The IARU may now be seeking a happy medium, but the way forward may not be easy.
First, the numbers of elite athletes is worryingly small - and dwindling. Eight years ago, Paul Griffin and Richard Archibald were the core of a rising group of lightweight oarsmen. Teamed up with Niall O'Toole and Eugene Coakley, their lightweight four finished sixth in Athens in 2004; and the crew, with some alterations, rose through the rankings to medal at World Championships in 2005 and 2006.
When the wheels came off in 2007, a new crew was assembled for this season, but the pool into which any coach could dip was shallow.
Now, after Beijing and a 10th-place finish, Griffin and Archibald are almost certainly gone; Gearóid Towey bowed out for good before the B Final; Cathal Moynihan says he will take a break.
"Obviously I'd like to come back for another Olympics," he says. "But it all depends on who's around. We need quality bodies. It's an awful lot of effort to put in if you're not going to get the return."
Eugene and Richard Coakley may still be in the picture. Some of the under-23s who drifted away under Jahrling may return. But where are the Griffin and Archibald of 2008?
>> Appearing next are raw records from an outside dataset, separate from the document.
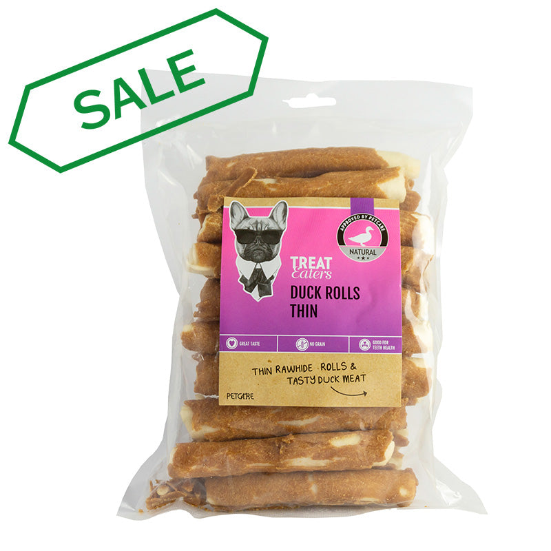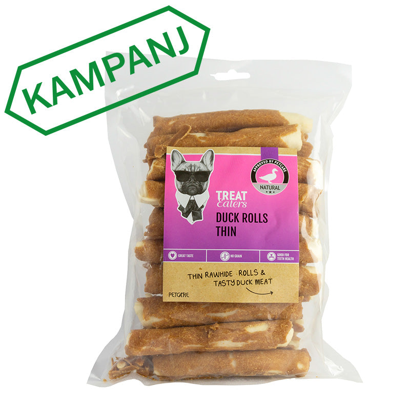 Oplev glæden i hvert eneste tyg med Duck Rolls fra Treateaters - de ultimative tyggestænger til din hund! Vores Duck Rolls er uimodståeligt forførende, dækket af generøse lag af tørret and, der får hunde til at juble af glæde. Hver tyggestang er hele 12,5 cm lang, og i hver pakke finder du hele 400 g af disse lækkerier at nyde.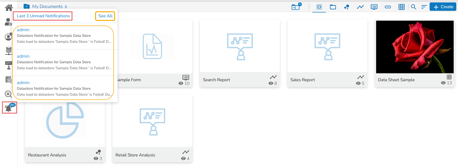 The left panel contains the Notification icon. The number of notifications displayed at the top of the Notification icon indicates the unread notification messages.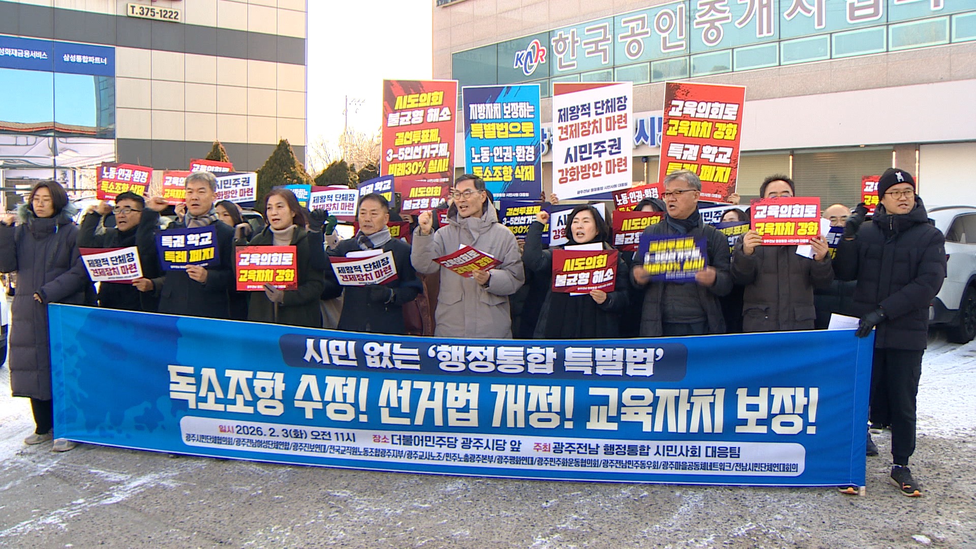 광주전남시민사회가 행정통합 특별법 특례조항 수정을 요구하며 릴레이 피켓시위에 돌입했습니다.자치분권 행정통합 완성과 정치개혁을 촉구하는 광주전남시민대응팀을 구성한 지역 11개 시민사회단체는 오늘(3) 민주당 광주시당 앞에서 기자회견을 열고"행정통합 후 권한 집중을 견제할 장치가 부족하다"며 특례법 독소 조...
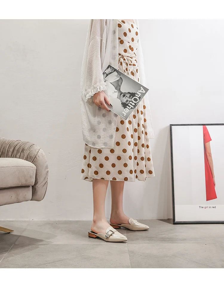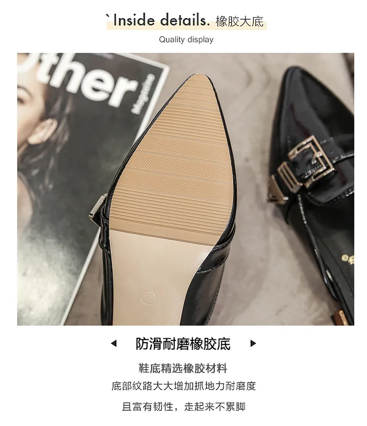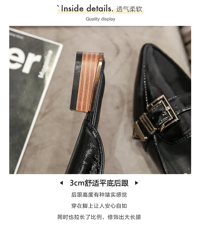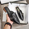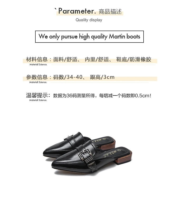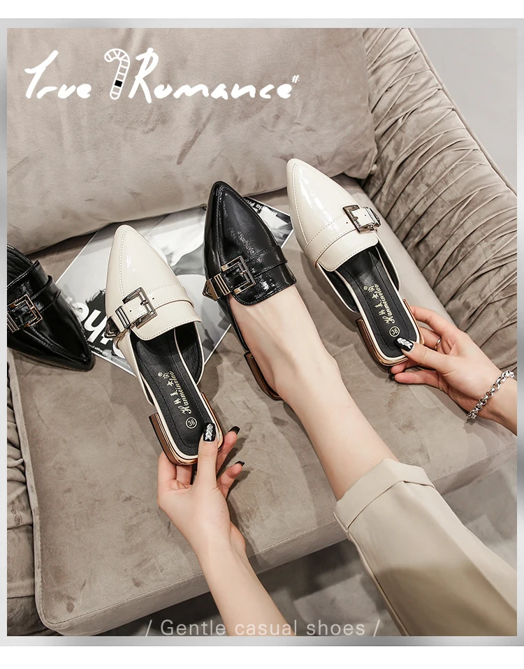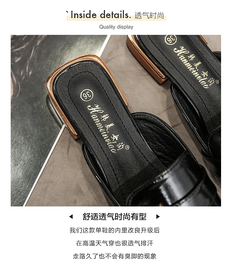 2021 Japanned Leather belt buckle mules women sandals summer shoes slides pointed toe wood heels slippers woman plus size 42/43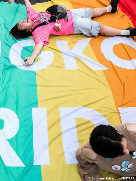 Bangkok was awash with rainbow colors on Sunday as thousands of people wearing eye-catching outfits took to the streets for Thailand's annual Pride parade. Some participants danced atop floats, while others marched for hours through the city center, proudly waving rainbow flags.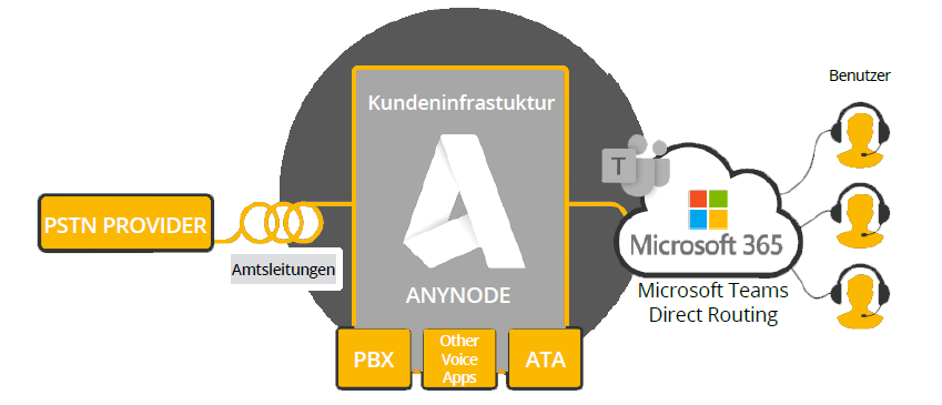 Mit Direct Routing werden Benutzern von Microsoft Teams ein öffentliches Telefonnetz eingerichtet, damit sie externe Anrufe auf jedem Gerät mit Teams tätigen und empfangen können. Dafür benötigen Sie lediglich den Session Border Controller (SBC) von anynode. Der SBC fungiert als Schnittstelle zwischen unterschiedlichsten SIP-Endpunkten – wie z.B. Telefonen, TK-Anlagen und SIP-Providern – und setzt dabei Port- und Adressinformationen um, bietet mehr Sicherheit, übernimmt Routingentscheidungen und führt Rufnummernmanipulation durch.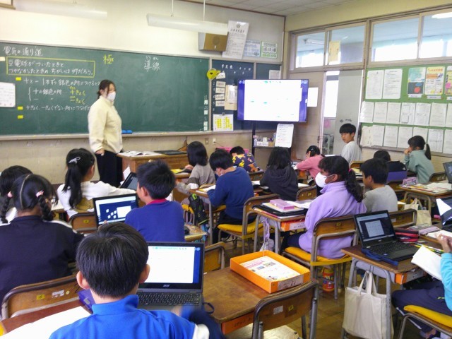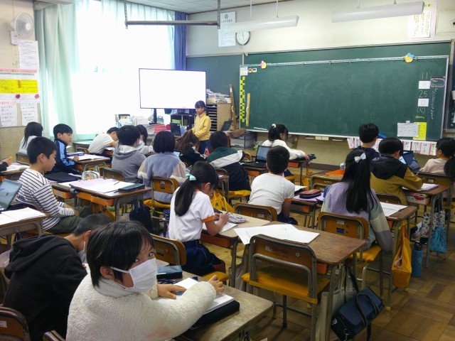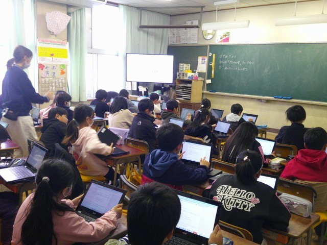 今日の4時間目です。Chromebookを活用して、総合学習の発表をしたり(5組)理科の学習ではロイロノートを使ったり(1組)、自分達の学びを広げていました。

At heavyweight, Casey, Jonno Devlin, Seán O'Neill and Cormac Folan have all been brought along (or in Devlin's case, brought in) by Jahrling. Alan Martin and James Wall are also in the picture. A good coach could build on Beijing, but, again, there is not a wide base of elite heavyweights.
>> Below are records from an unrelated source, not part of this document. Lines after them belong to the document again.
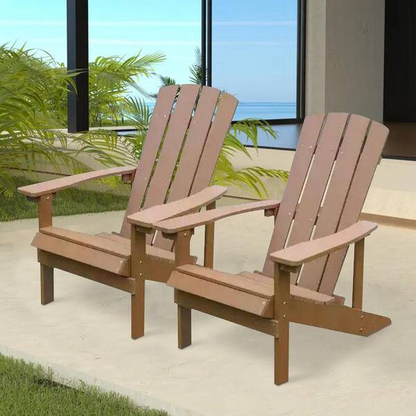 2-Sets Patio Plastic Adirondack Chair Lounger Weather Resistant Furniture for Lawn Balcony in Brown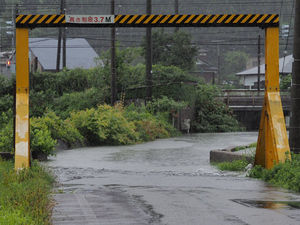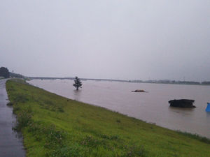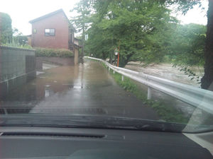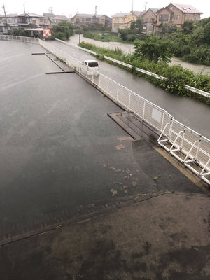 実質川の氾濫はまだだけど、堤防手前の水捌けの悪い道路が冠水してました。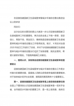 在迎接创建国家卫生县城复审暨城乡环境综合整治推进会议上的讲话同志们:这次会议的主要目的是让大家进一步认识迎接创建国家卫生县城复审工作的重要性,再次动员全县上下统一思想,坚定信心,再鼓干劲,再加压力,确保我县迎接创建国家卫生县城复审和城乡环境综合整治工作取得实效。刚才,X同志对全县2020年创卫工作进行了总结,并对下步迎接创建国家卫生县城复审与城乡环境综合整治行动作了安排部署,我完全赞同,希望大家抓好落实。下面我再强调三点意见。一、提高认识,深刻领会迎接创建国家卫生县城复审的重要意义迎接创建国家卫生县城复审与城乡环境综合整治工作是乡村振兴的重要命题,是提高人民群众获得感幸福感的重要载体,对于加快...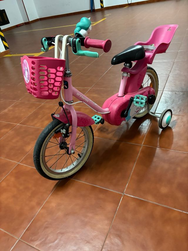 Detalles del productoBicicleta infantil de color rosa, ideal para las primeras aventuras sobre ruedas. Cuenta con un diseño divertido y práctico.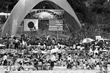 ハワイ移民100年記念として北公園プールで行われた「サウンド・オブ・ヤング・ハワイアン」。ずいぶん派手なアーチが立っている。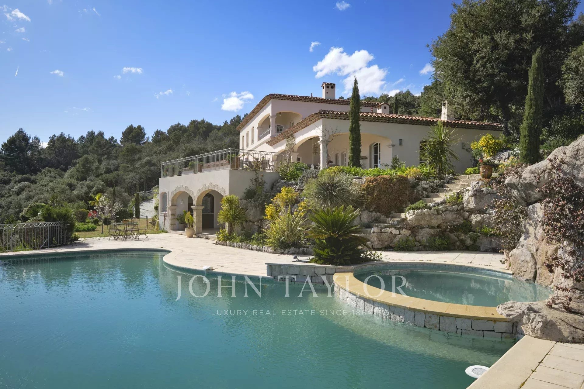 Великолепные водопады, окруженные средиземноморскими растениями, подчеркивают исключительный характер этого единственного в своем роде поместья.

Both Irish crews paid the price in Shunyi for poor starts. It's one area where all the training in the world cannot compare with competing.
And the split-up of the Irish system meant the two fours did not experience the white heat of competing against each other in camps.
One possible future is that present team manager Mike Heskin come in as performance director. The eminent coach Thor Nilsen, who headed up the Ireland system on and off for years, suggested as much to this reporter in Shunyi.
Whoever takes over will also have to do without the services of Neasa Folan, who has now left for the British system.